Scotland business

Demand for property continues to rise says Rics survey

for sale sign Image copyright PA
Image caption Scottish house prices have risen steadily since May 2013

The Scottish housing market continues to see demand for properties outstrip supply, according to surveyors.

The Royal Institute of Chartered Surveyors (Rics) said the number of houses coming on to the market for sale was steady but demand had increased.

This increase in demand for properties was seen as being a key factor in the continued rise of house prices.

However, supply was expected to increase with the traditional "spring bounce", the Rics report said.
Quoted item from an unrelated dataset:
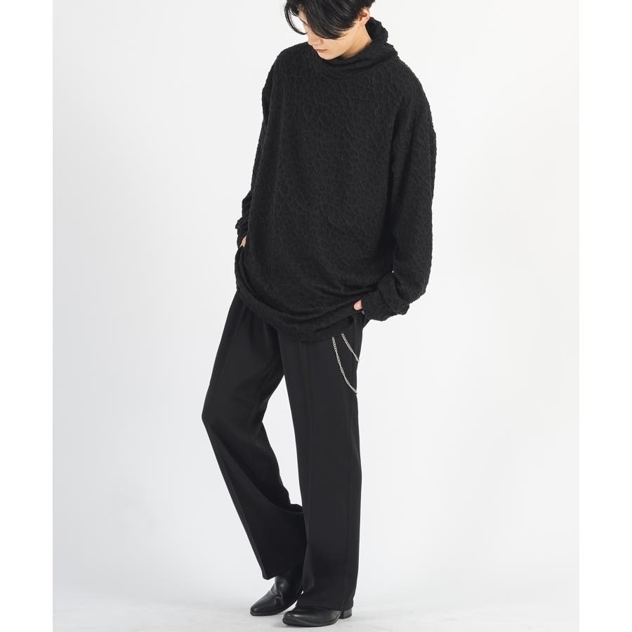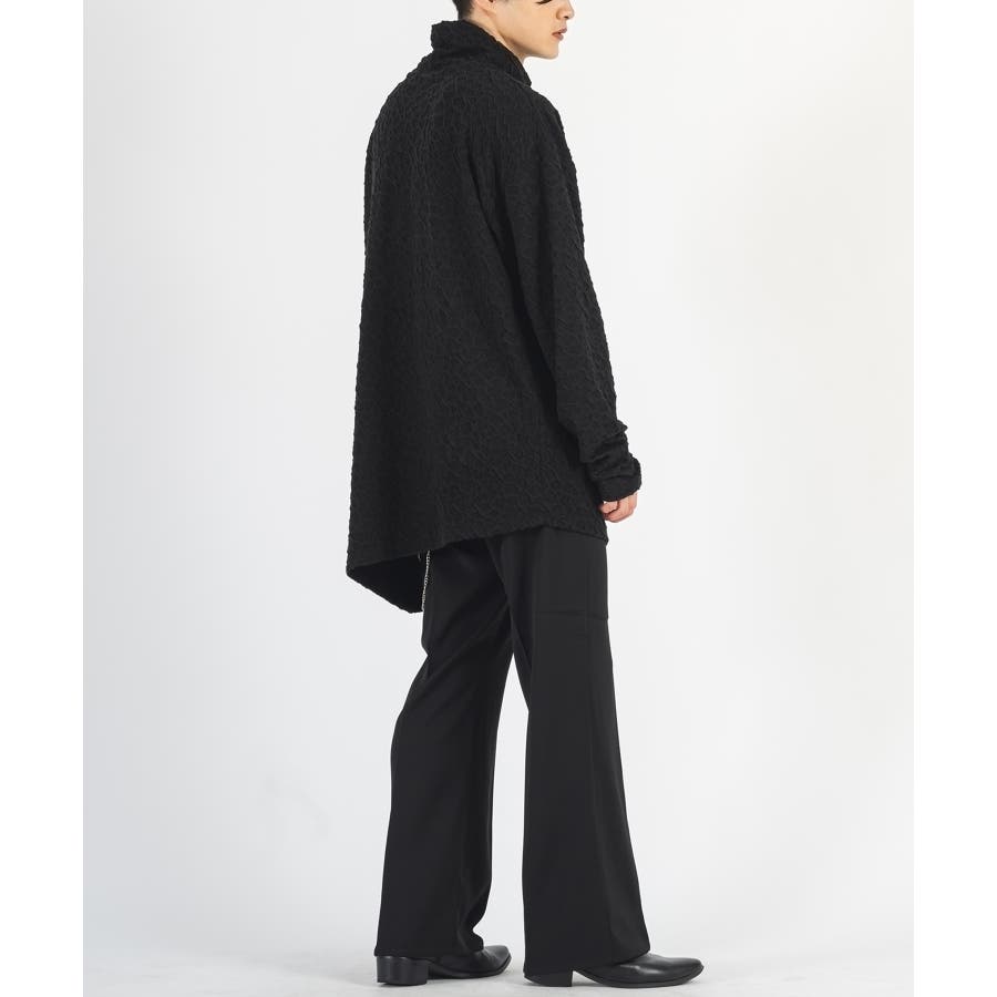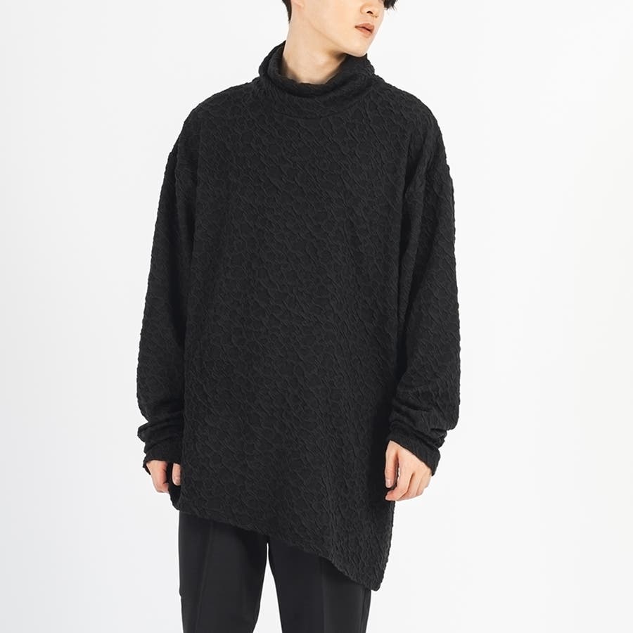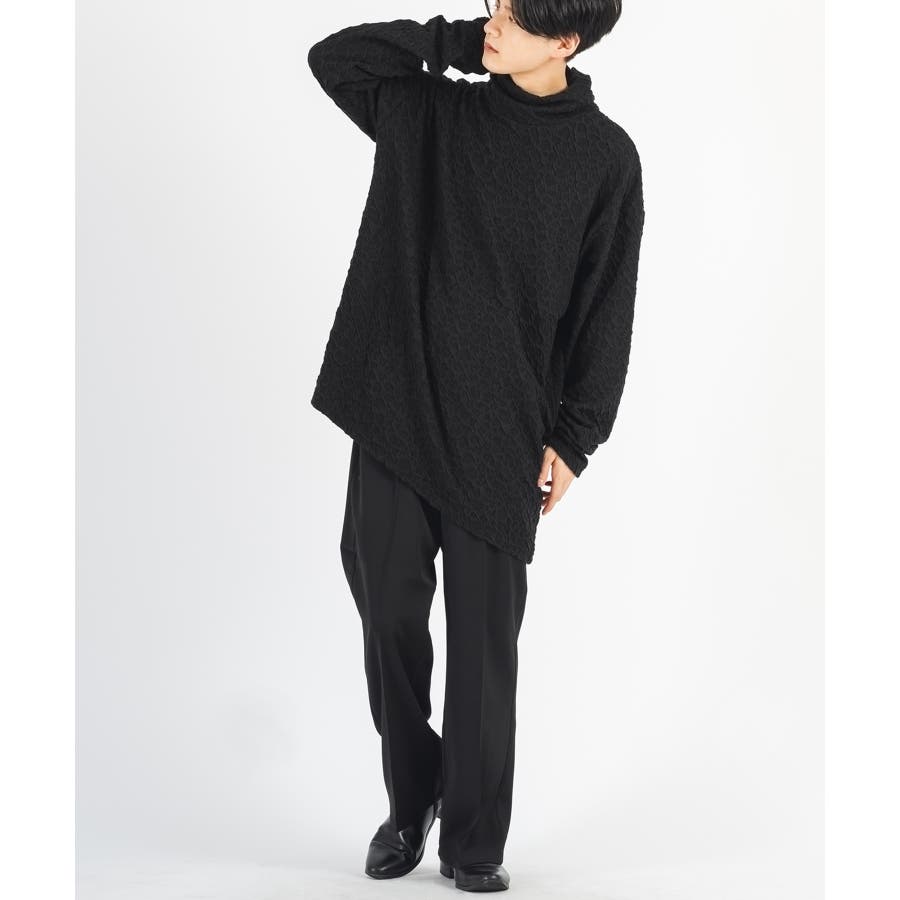 緩めに折り返すオフタートルネックがエレガントで柔らかなイメージを表現でき、長めの着丈で左右の長さが違うアシンメトリーなデザインが着こなしを一段とクールにします。

It said the number of potential buyers increased more than the amount of housing available to buy for the ninth consecutive month.

The chartered surveyors reported that the gap between supply and demand reached almost 10% in January.

House prices in Scotland have risen steadily since May 2013.

'Simpler legislation'

Sarah Speirs, director of Rics Scotland, said: "Prices are on the up in Scotland and this is driven largely by a lack of properties coming on to the market.

"With a growing number of people now in a position to buy a home, there are simply not enough properties to satisfy demand.

"The upshot of this is that prices are increasing in many areas. However, Rics members do expect an increase in supply in the coming months as the traditional spring bounce begins to take effect."

Responding to the survey, Kevin MacDonald, of chartered surveyors Graham and Sibbald in Inverness, said: "Momentum has been maintained during January, which is indicative of rising confidence with competitive bids, closing dates and more encouraging prices."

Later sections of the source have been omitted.